Afghanistan, officially the Islamic Republic of Afghanistan, is a landlocked country forming part of South Asia, Central Asia, and to some extent Western Asia. With a population of around 30 million, it has an area of 647,500 km2 (250,001 sq mi), making it the 42nd most populous and 41st largest nation in the world. It is bordered by Pakistan in the south and the east, Iran in the west, Turkmenistan, Uzbekistan and Tajikistan in the north, and China in the far northeast.
Afghanistan has been an ancient focal point of the Silk Road and human migration. Archaeologists have found evidence of human habitation from as far back as the Middle Paleolithic. Urban civilization may have begun in the area as early as 3,000 to 2,000 BCE. Sitting at an important geostrategic location that connects the Middle East culture with Central Asia and the Indian subcontinent, the land has been home to various peoples through the ages and witnessed many military campaigns, notably by Alexander the Great, Genghis Khan, and in modern era Western forces. The land also served as a source from which the Greco-Bactrians, Kushans, Hephthalites, Saffarids, Ghaznavids, Ghorids, Khiljis, Timurids, Mughals, Durranis, and others have risen to form major empires.

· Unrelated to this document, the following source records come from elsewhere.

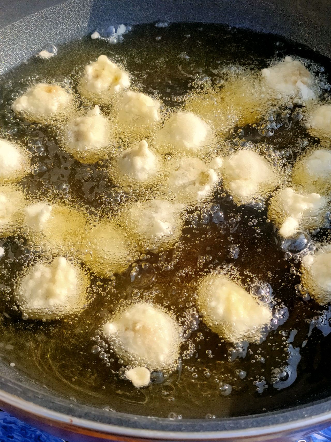 步骤7、把粘有面粉的肉丸放在面糊里裹上面糊放用筷子挑出放油锅里开中火炸至金黄就可以出锅了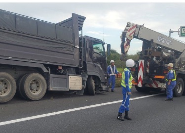 現場では、レッカー車が出動し、損傷したトラックを移動させる作業が続けられました。警察および道路管理会社による復旧活動が行われています。
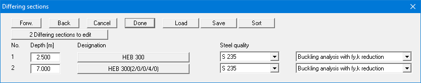 If you are working with differing sections, you specify the steel grade and buckling analysis for the individual sections in the dialog box for this menu item.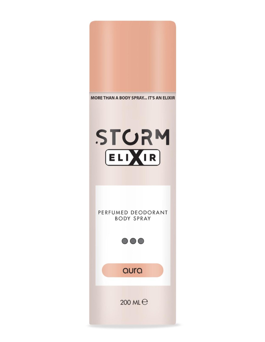 STORM ELIXIR Dezodorant damski 200ml AURAOtul się aurą świeżości. Zostań zapamiętana. STORM ELIXIR AURA to dezodorant stworzony dla osób, które przyciągają uwagę nie krzykiem, lecz energią. Inspirowany niewidzialną siłą, która nas otacza, AURA otula subtelnym, eleganckim zapachem, zostawiając za sobą ślad, którego nie sposób zapomnieć.Delikatna kompozycja zapachowa łączy kwiatowe nuty, białą herbatę i odrobinę ambry, tworząc wyrafinowaną mieszankę świeżości i zmysłowości. To dezodorant dla tych, którzy chcą być sobą – bez nadmiaru, bez przesady, z klasą.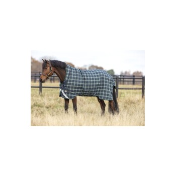 Wug Turnout Med VL von Rhino- mit dem originalen High-Neck Wug Design im anliegenden Schnitt, um Druckstellen am Widerrist zu vermeiden. Als Verschluss dient ein V-Vorderverschluss-System für mehr Bewegungsfreiheit beim Grasen. Die einzigartige Barrieren-Technologie mit Außenmaterial aus 1000D Polypropylen schützt die wasserdichte und atmungsaktive Schicht im Inneren der Decke. Mit Beinausschnitten, Reflektorstreifen, Kreuzgurten und einem glanzgebenden Innenfutter aus Polyester ist die Decke ebenfalls ausgestattet.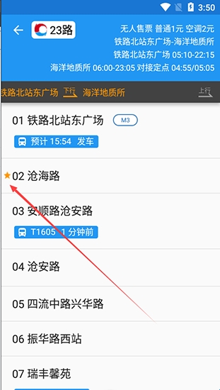 2.当站台名称前出现了一个黄色星星则代表收藏成功

The political history of the modern state of Afghanistan begins in 1709, when the Hotaki dynasty was established in Kandahar followed by Ahmad Shah Durrani’s rise to power in 1747. In the late 19th century, Afghanistan became a buffer state in the “Great Game” between the British and Russian empires. Following the 1919 Anglo-Afghan War, King Amanullah began a European style modernization of the country but was stopped by the ultra-conservatives. During the Cold War, after the withdrawal of the British from neighboring India in 1947, the United States and the Soviet Union began spreading influences in Afghanistan, which led to a bloody war between the US-backed mujahideen forces and the Soviet-backed Afghan government in which over a million Afghans lost their lives. This was followed by the 1990s civil war, the rise and fall of the extremist Taliban government and the 2001–present war. In December 2001, the United Nations Security Council authorized the creation of the International Security Assistance Force (ISAF) to help maintain security in Afghanistan and assist the Karzai administration.
Three decades of war made Afghanistan the world’s most dangerous country, including the largest producer of refugees and asylum seekers. While the international community is rebuilding war-torn Afghanistan, terrorist groups such as the Haqqani Network and Hezbi Islami are actively involved in a nationwide Taliban-led insurgency, which includes hundreds of assassinations and suicide attacks. According to the United Nations, the insurgents were responsible for 80% of civilian casualties in 2011 and 2012.